Laziness. Lack of time. The all-too-frequent challenge of speaking to a helpful person by phone. There are many reasons why consumers and businesses don’t shop around and switch products and suppliers.
Failing to keep abreast of the best mortgage rates? Rolling onto the same insurance every year without looking for better deals? If so, open finance – a development coming down the track in the slipstream of open banking – could be of interest.
Open banking – which is gaining significant traction in the UK, having just reached two million UK customers – aims to encourage competition among financial services providers, digital innovation and drive behavioural change. It enables bank account holders to share their data with third-parties such as fintech companies through what are known as open APIs (Application Programming Interfaces).
Open finance channels the spirit of open banking into a wider range of sectors and products. It has been described by professional services group KPMG as ‘fundamentally strategic’ and having ‘profound implications’ for the future of financial services and regulation.
How and when open finance will be implemented is to be decided. The Financial Conduct Authority (FCA) has pencilled in the first quarter of next year to publish a ‘feedback statement’ after recently completing a ‘call for input’ that had more than 150 responses.
The authority describes open finance as having the potential to “transform” the way consumers and businesses use financial services.
Examples of how open finance would work include the possibility of ‘personal financial management dashboards’ enabling people to properly understand and then ‘optimise’ their overall financial position (cashflow, investments and so on).

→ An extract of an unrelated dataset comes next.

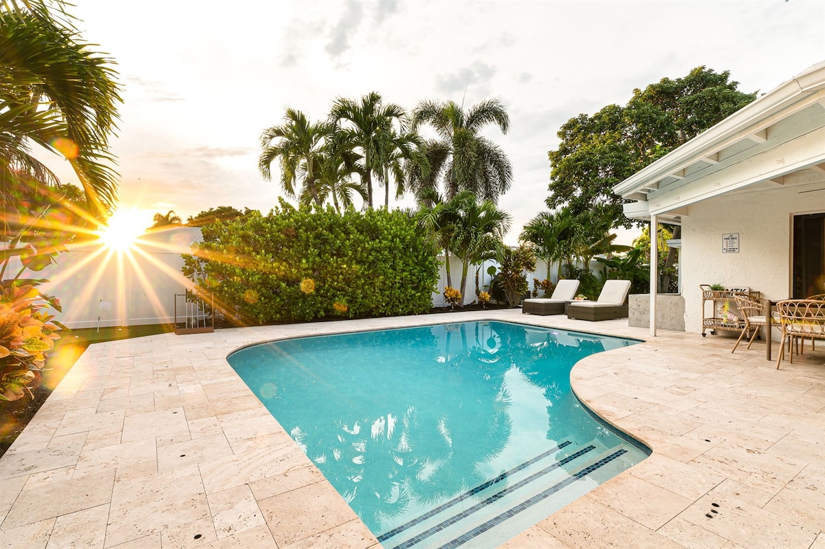 WATERFRONT HOME W/ HEATED POOL & FOUNTAIN, TIKI HUT W/BAR, KAYAKS & BIKES! DIRECT TO INTRACOASTAL W/LUXURY FINISHES & BEAUTIFULLY FURNISHED IN THE HEART OF POMPANO BEACH. THIS HOME INCLUDES 3 BEDROOMS & 2 BATHROOMS & A HEATED POOL! CLOSE TO BEACH, WATERSPORT ACTIVITIES, FINE DINING & UPSCALE SHOPPING. YOUR IDEAL FLORIDA BACKYARD GREAT TO GRILL & RELAX ON LOUNGE CHAIRS WHILE OVERLOOKING THE WATER. 2 KAYAKS INCLUDED!
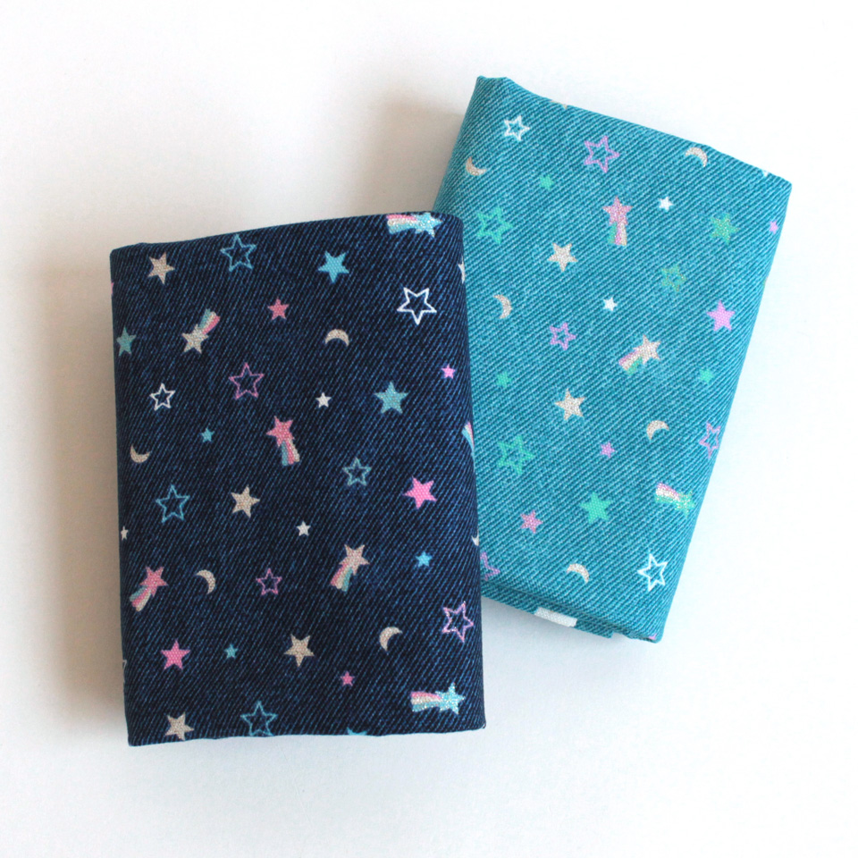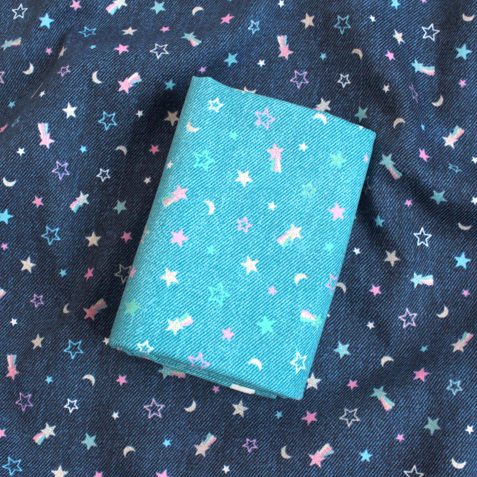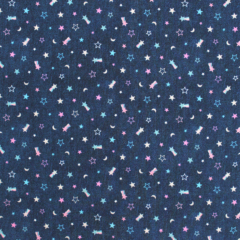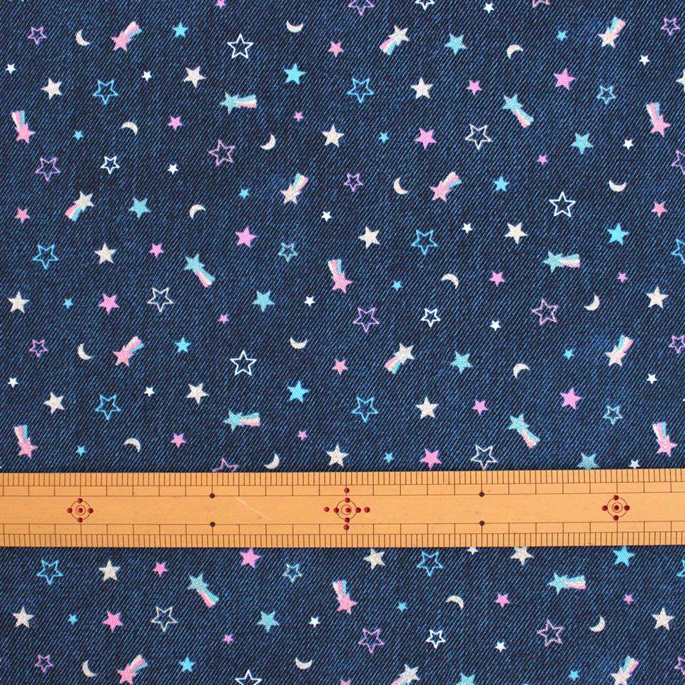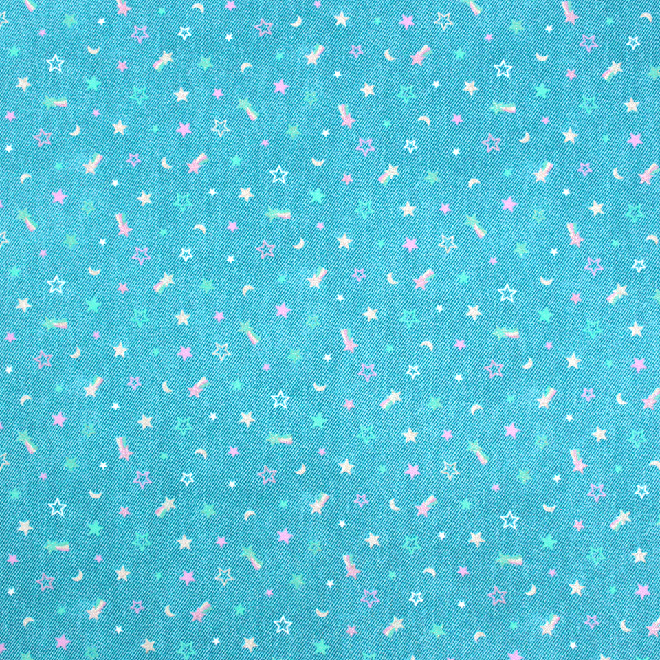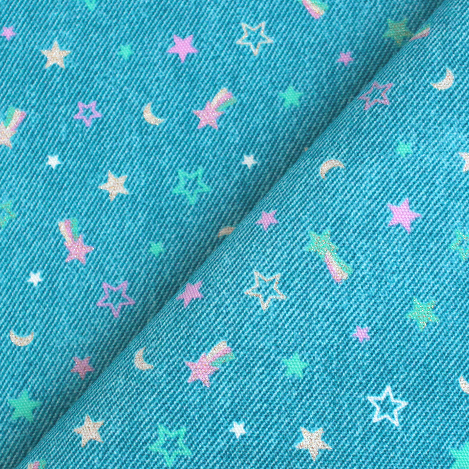 デニム風生地にラメ加工を施したスターモチーフをプリント。

Practically, this could, the FCA explains, help someone understand whether to put an additional £100 into a savings account, mortgage overpayment or pension – and even execute that payment on the consumer’s behalf.
Open questions on open finance
One vital trigger in making open banking happen was a decision to mandate the UK’s nine largest banks and building societies to share consented consumer information with authorised third parties (in a secure, standardised format – the API element).
As trustee of the Open Banking Implementation Entity (OBIE), the body set up four years ago to get open banking off the ground, Imran Gulamhuseinwala has first-hand experience of the challenges ahead for open finance. Whether (and which) companies will be encouraged – or forced (in the style of open banking) – to share consented consumer information is currently unknown but clearly very important.
“One of the key points of consideration for the FCA and government is to what extent is this mandated, and on which companies is it mandated, and what’s the timeline of mandating it,” Gulamhuseinwala tells City AM.
“There’s a whole bunch of interesting questions. It’s my view that open banking has only really taken off because it has a mandatory element to it and, while you don’t need to mandate absolutely everything, having some sort of regulatory mandate to catalyse things is a really helpful way of kick-starting the overall process or otherwise things can go round in circles,” he says.
‘Building financial infrastructure is hard’
Rafa Plantier is UK & Ireland country manager at Tink, a Swedish open banking platform that expanded to the UK last year and which has ambitions in open finance. “Building financial infrastructure is hard,” he says. “The electronic financial infrastructure we have today has been created over decades, with a pragmatic and incremental approach. Financial products such as current accounts, credit cards and so on are important for helping people manage their finances but today, their financial lives are more complex and distributed than ever.”
But Tink is enthusiastic about open finance. He says: “We are excited because it brings the services open banking has started to facilitate further into the real world, with a bigger benefit for people – by including pensions and insurance, for example — and for businesses, with different types of accounts, cross-border activity and credit reports.”
OBIE’s Gulamhuseinwala picks out mortgages as an area of exciting possibilities. “What’s being contemplated is having all of a customer’s information in one place so that an authorised third-party, with the customer’s permission, can monitor it for them, and then, if interest rates change, if their circumstances change, then the person can benefit from an automated process for getting through all of that admin to get onto the right mortgage,” he explains.
Needs to be ‘safe, secure and easy’
As with open banking, there will be many technical and legal nuts and bolts to debate, finalise and set in place – everyone from software developers to lawyers with an eye on data rules will be involved.
Gulamhuseinwala advises all organisations championing open finance to keep their eye on the big picture. “For this to work, the end-user – whether a citizen or small business – it has to be safe, secure and easy,” he says. “For that to happen is that everything needs to be harmonised. The worst possible situation would that the mortgage providers do one thing, pension providers do another, and none of the system talks to each other. You’d then just have confused consumers.”
This brings us back to one of the most fundamental drivers of open banking and open finance – helping people and organisations to more easily, quickly, accurately (in real time) and comprehensively have visibility on their financial arrangements.
“Customer engagement is what regulators really see as the Holy Grail of financial services – that you solve a lot of problems around competition and innovation when you get people to engage. And it’s really hard to engage with financial services. But if you make it easy for people – and that’s what open finance is intended to do, and it’s what open banking has demonstrated that you can do – then people will actually engage. So that’s the gold medal outcome of open finance,” he says.